At the heart of the programme was the need to positively engage a diverse NHS workforce including Managers, Matrons, HCAs, Nurses, Physiotherapists, Support and Administrative staff across the range of NHS organisations including Community hospitals, Acute hospitals and Mental Health trusts.
Through a structured process of insight gathering, vision creation, ideas generation, concept design and pilot of training, the programme team designed 3 development streams with specific training aimed at Service Leaders (Ward Managers/Team Leaders/Ward Coordinators), Service Role Models (termed Trailblazers, to help to sustain the programme) and then sessions for all team members. Each of these interventions were designed to fit in with the busy working lives of the different groups, including techniques that could train people whilst actively on their shift.
The final stages of the programme were led by the Locality Board.
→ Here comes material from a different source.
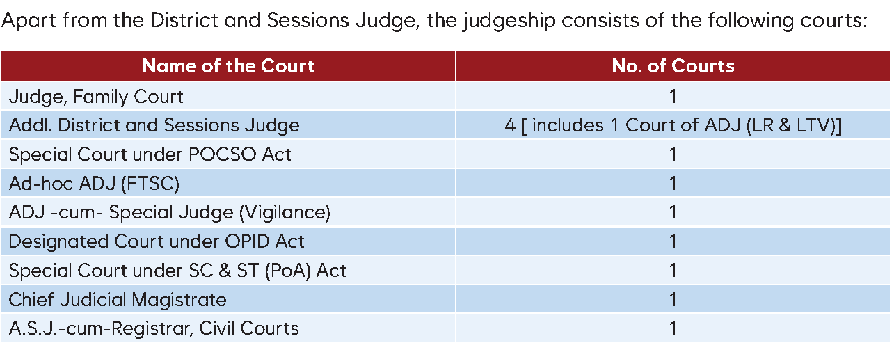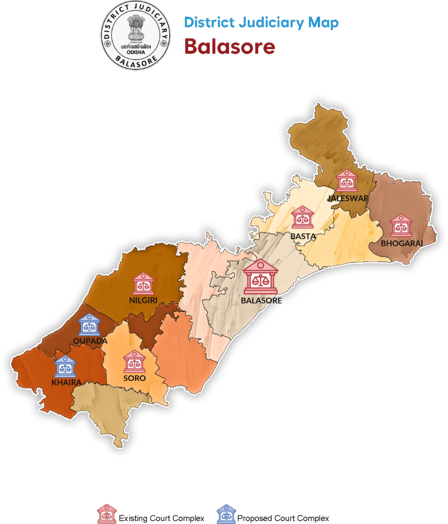 Till 1948, this judgeship was under the combined judgeship of Cuttack-Balasore-Sambalpur. After the merger of princely states in 1948, it came under Keonjhar judgeship. When the ex-State of Mayurbhanj merged with the state of Orissa in 1949, it remained under the Mayurbhanj judgeship with its headquarters at Baripada till 1949. The District Judge stationed at Baripada was holding a Circuit Court at Balasore from 1915 till 1957-58. A post of Additional District and Sessions Judge, Mayurbhanj was created in 1957-1958 with headquarters at Balasore. Balasore became an independent judgeship on 15th January, 1959. 44 different courts are functioning in this judgeship with outlying stations at Jaleswar, Nilgiri, Basta, Bhograi and Soro.
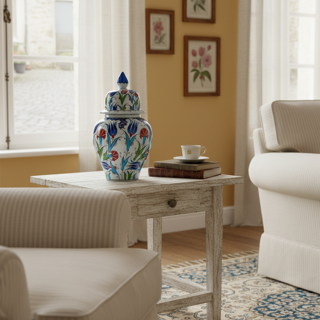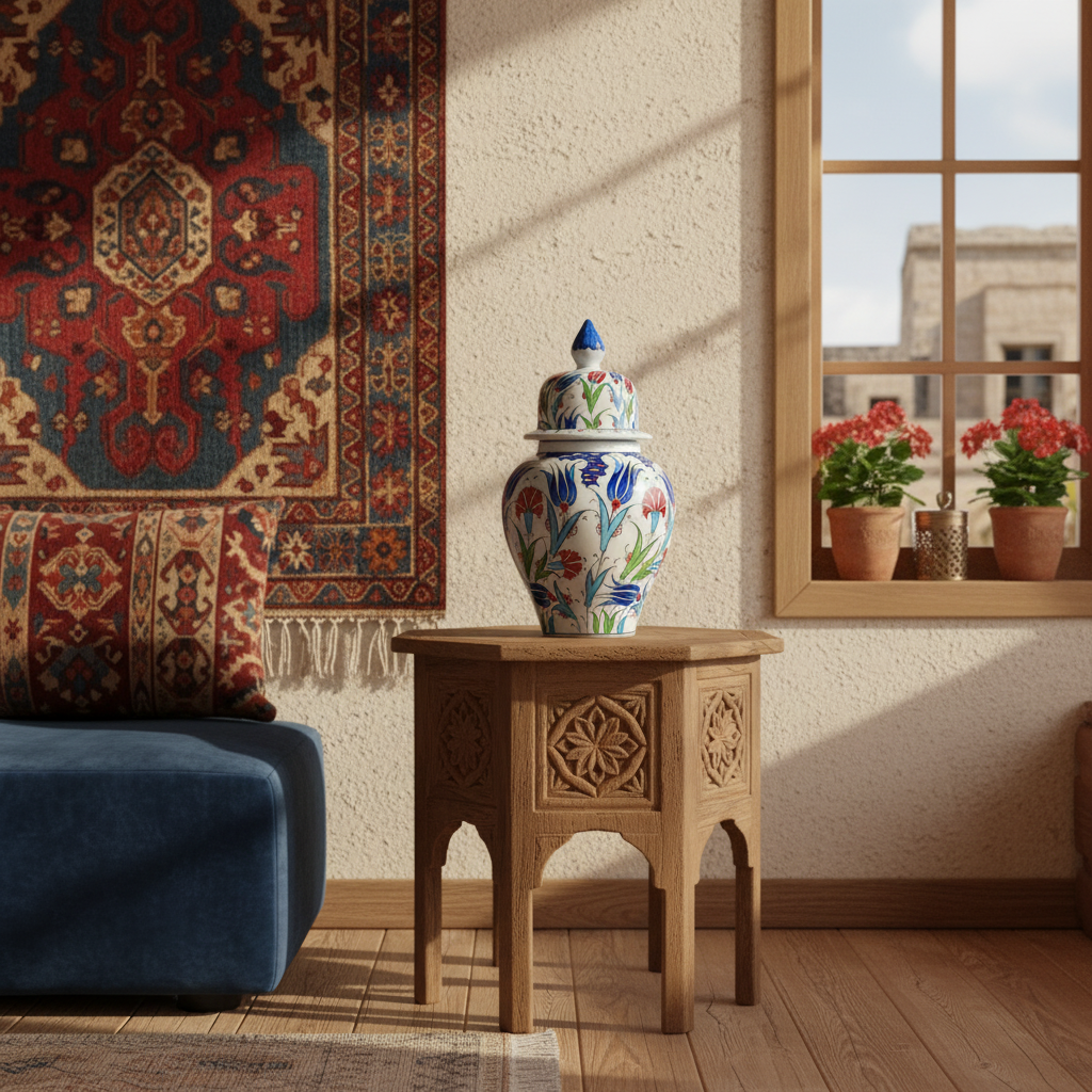 There is something undeniably charming about a lidded jar. This Handmade Ceramic “Kupecik” (Ginger Jar) combines the functionality of a vessel with the beauty of a sculpture. Standing at 20 cm, it is a concentrated burst of Ottoman artistry, designed to be a treasured accent in your home.

These were focused on sustaining and embedding the development from the programme by targeting them into specific business -as-usual practices across locality, i.e. into appraisals, recruitment processes and induction.
Evaluation
Patient feedback highlighted that the specific outcomes that patients said were most important to them, and which consequently impacted patient perception, were not sufficiently measured. Therefore, a new measures approach, which took into account feedback via PALS, as well as comparing the number of complaints vs. compliments pre programme to post programme, was trialled. Evaluation also utilised staff survey results. A new staff feedback system, called Pulse Dynamics, was also trialled to determine the role of situational feedback.
“I will be putting ACE into all my future clinical practice – well done, 10/10!”